La battaglia sulla rifirma sanitaria, il primo scontro frontale al quale si preparano Donald Trump e i repubblicani per cancellare l’eredità di Barack Obama, è cominciata. Obama ha mobilitato ieri le truppe democratiche in minoranza al Parlamento, incontrandole a porte chiuse per prepararle all’offensiva che incombe. Mentre allo stesso tempo il vicepresidente entrante Mike Pence arringava deputati e senatori conservatori sotto le bandiere di un’agenda di deregulation e risposte di mercato alla crisi della sanità da varare fin dai prossimi mesi.
«Non abbiate dubbi – ha detto Pence – manterremo la promessa di eliminare Obamacare e sostituirla con soluzioni che abbassino i costi dell’assistenza senza gonfiare la spesa del governo».
Pence ha inoltre affermato che Trump è pronto a ricorrere ai suoi poteri esecutivi per guidare una svolta ordinata che non abbandoni chi oggi beneficia della riforma.

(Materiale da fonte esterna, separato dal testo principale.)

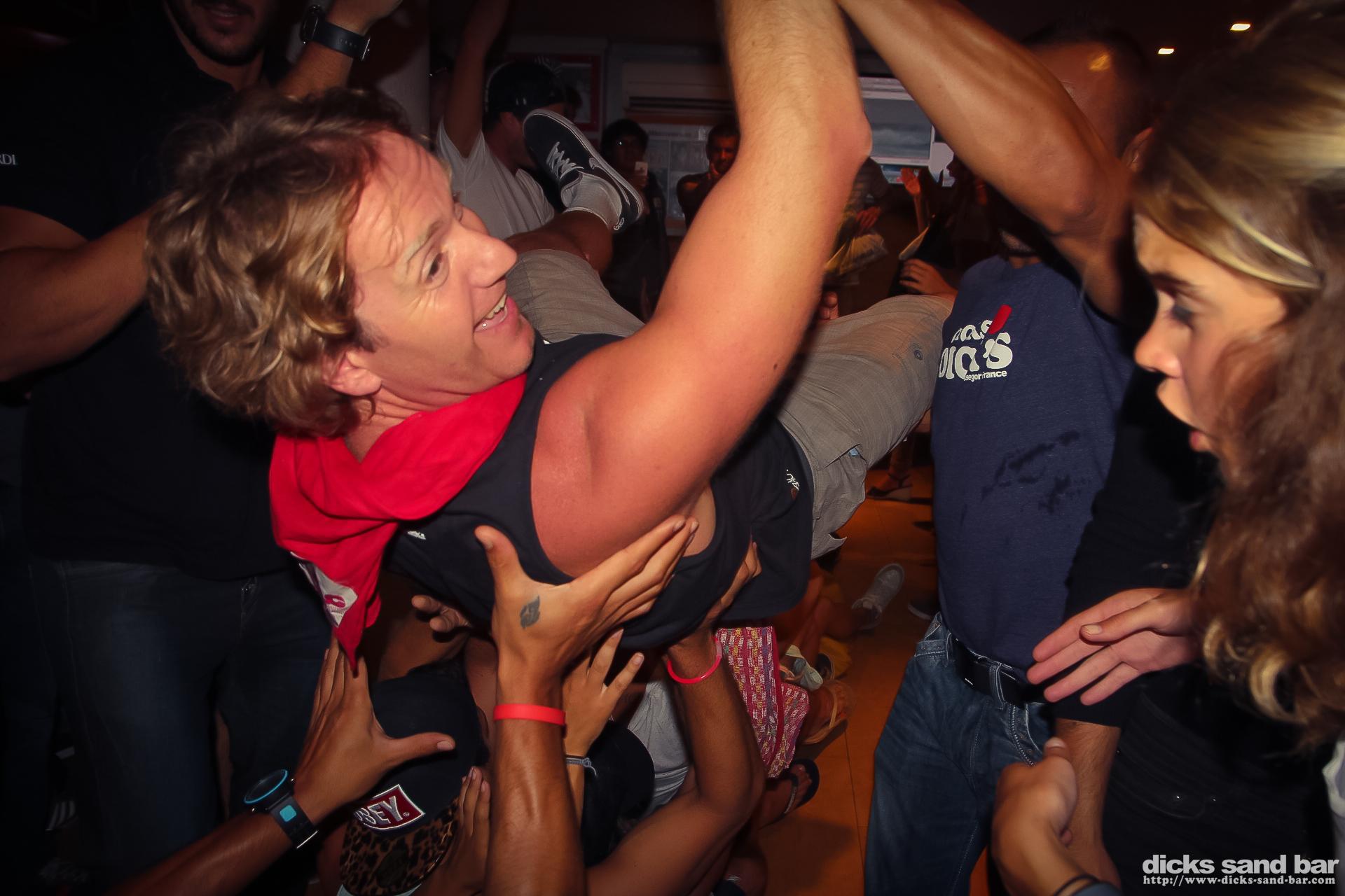 Dimanche / Sunday 18 August 2013...Mega apero avec les equipes Beach Volley de DsB, Etiquette & Les Penguoins du Lac avec Guillaume Gee en concert et Leo qui danse rock avec Xavier & Fab, Delphine Kdo & les beautiful Labenne people, then we did the WORLDS BIGGEST MACARENA, with Clem leading the thousands that were doing the thing, and Butterface was hustlin', Kate's birthday and it got messy with eth Princess girls (again), and we finished with a Paquito which was quite rude, then 16 & Lucie's ugly twins came in...photos: David Potter & Kene O // Contact: dave@dicks-sand-bar.com

Ma questo dopo che il futuro presidente aveva condannato senza riserve Obamacare twittando che «non funziona ed è insostenibile». Trump ha rincarato la dose apostrofandola come «un disastro» e attaccando come «un clown» il leader democratico al Senato Chuck Schumer, che l’aveva accusato di voler «far ammalare di nuovo l’America».
L’assalto di Trump è scattato all’indomani di nuovi exploit su un’altra priorotà dichiarata, il libero scambio, dove ha preso di mira la Gm per importazioni di veicoli dal Messico, spinto Ford ad annullare un impianto a sud del Rio Grande e nominato rappresentante commerciale un esperto di tariffe punitive, Robert Lighthizer. Trump ha inoltre ormai scelto per la Sec l’avvocato di Wall Street Jay Clayton, con l’obiettivo di ammorbidire i controlli sulla finanza.
È su Obamacare, però, che si gioca la partita cruciale di politica interna. I repubblicani hanno subito compiuto i primi passi formali per un ribaltamento della legislazione. Il presidente della Commissione Bilancio del Senato Mike Enzi ha presentato una mozione da votare al più presto che prescrive la cosiddetta “reconciliation”, una procedura di fast track che consente di intervenire su provvedimenti con impatto fiscale – quali Obamacare – limitando il dibattito e approvandoli a maggioranza semplice, superando rischi di ostruzionismo al Senato dove normalmente servirebbe un sostegno di due terzi. Leader repubblicani hanno indicato che un’alternativa compiuta alla riforma avrà bisogno di forse sei mesi, ma altri accelerano. La mozione di Enzi chiede che un progetto di reconciliation sia preparato entro il 27 gennaio. E la deputata Marsha Blackburn promette addirittura l’invio di un piano definitivo a Trump per la firma entro il 20 febbraio.
Questa frenesia non significa affatto che la battaglia sulla sanità sarà facile o lineare. Lo stesso Trump ha ammesso di essere aperto a preservare alcune delle misure più popolari di Obamacare, da clausole di non discriminazione per pazienti con malattie pre-esistenti alla possibilità dei genitori di tenere i figli sulle polizze fino a 26 anni.
Limiti e problemi della legge sono emersi, da aumenti medi quest’anno del 25% nei premi assicurativi, che colpiscono i ceti medi, alla riduzione dei provider di assistenza, spingendo una pluralità di americani, stando ai sondaggi della Kaiser Foundation, a criticare le legge. Cinque Stati hanno oggi una sola società negli Exchange, le borse sanitarie create per acquistare polizze standard e distribuire sussidi. I risultati sono però altrettanto sicuri: 22 milioni di nuovi assicurati hanno ridotto il tasso di chi è senza copertura al minimo record del 10 per cento.
Obama ha ricordato ai democratici simili conquiste per definire la legge da migliorare, non cancellare, frutto di sforzi riformatori durati decenni. E ha evidenziato che la salute di Medicare, l’assistenza federale per gli anziani, è legata alla riforma: tasse e risparmi che la finanziano finiscono anche a questo programma. I repubblicani, da parte loro, devono tuttora risolvere divergenze al loro interno per procedere. Poche idee della loro alternativa sono al momento chiare, tra queste l’abbattimento di barriere statali tra gli assicuratori per stimolare la concorrenza. C’è inoltre chi immagina una sostituzione graduale di Obamacare in tre o quattro anni e chi invoca al più uno o due anni, entro le prossime elezioni congressuali. Alcuni vogliono che il progetto conservatore sia contestuale alla cancellazione della riforma democratica, altri vorrebbero prendere tempo.